If the interest is to investigate the relationship between two quantitative variables, one valuable tool is the scatterplot.

Scatterplot: A graphical representation of two quantitative variables where the explanatory variable is on the x-axis and the response variable is on the y-axis.

When we look at the scatterplot, keep in mind the following questions:

What is the direction of the relationship?
Is the relationship linear or nonlinear?
Is the relationship weak, moderate, or strong?
Are there any outliers or extreme values?

We describe the direction of the relationship as positive or negative. A positive relationship means that as the value of the explanatory variable increases, the value of the response variable increases, in general. A negative relationship implies that as the value of the explanatory variable increases, the value of the response variable tends to decrease.

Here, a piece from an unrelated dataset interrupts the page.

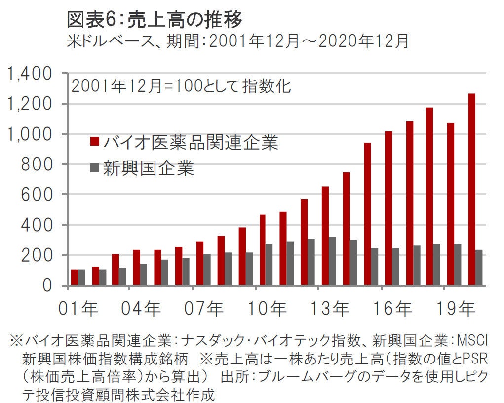 バイオ医薬品関連企業の売上高は、新興国の企業を上回って堅調に成長してきました。(図表6参照)
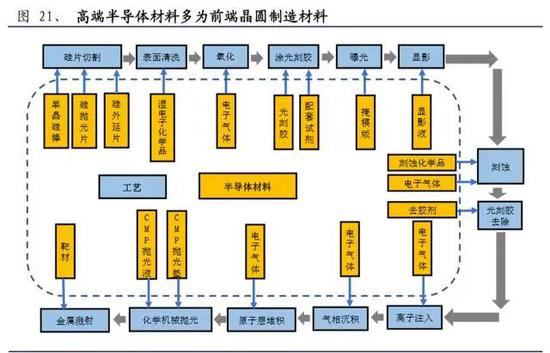(2)技术密集:半导体材料生产涉及切割、研磨、刻蚀、激光打码、化学机械抛 光、光刻、显影、溅射、沉积、纯化等诸多先进工艺,对先进工艺有很高要求。

Example 9-1: Student height and weight (Scatterplots)

Suppose we took a sample from students at a large university and asked them about their height and weight. The data can be found here university_ht_wt.txt.

The first three observations are:

Height (inches)	Weight (pounds)
72	200
68	165
69	160

We let \(X\) denote the height and \(Y\) denote the weight of the student. The observations are then considered as coordinates \((x,y)\). For example, student 1 has coordinate (72,200). These coordinates are plotted on the x-y plane.

We can use Minitab to create the scatterplot.

Minitab: Scatterplots

We can create our scatterplot in Minitab following these steps.

Choose Graph > Scatterplot > Simple
Choose OK

Scatterplot of Weight vs Height

Scatterplot of height vs weight

The scatterplot shows that, in general, as height increases, weight increases. We say “in general” because it is not always the case. For example, the observation with a height of 66 inches and a weight of 200 pounds does not seem to follow the trend of the data.

The two variables seem to have a positive relationship. As the height increases, weight tends to increase as well. The relationship does not seem to be perfectly linear, i.e., the points do not fall on a straight line, but it does seem to follow a straight line moderately, with some variability.

Try it!

An elementary school teacher gives her students two spelling tests a year. Each test contains 24 words, and the score is the number of words spelled correctly. The teacher is interested in the relationship between the score on the first test and the score on the second test. Using the scatterplot, comment on the relationship between the two variables.

Spelling tests scatter plot comparing score on first test vs secon test

There seems to be a weak positive linear relationship between the two test scores.

In the next section, we will introduce correlation. Correlation is a measure that gives us an idea of the strength and direction of the linear relationship between two quantitative variables.

9.1.2 - Correlation

If we want to provide a measure of the strength of the linear relationship between two quantitative variables, a good way is to report the correlation coefficient between them.

The sample correlation coefficient is typically denoted as \(r\). It is also known as Pearson’s \(r\). The population correlation coefficient is generally denoted as \(\rho\), pronounced “rho.”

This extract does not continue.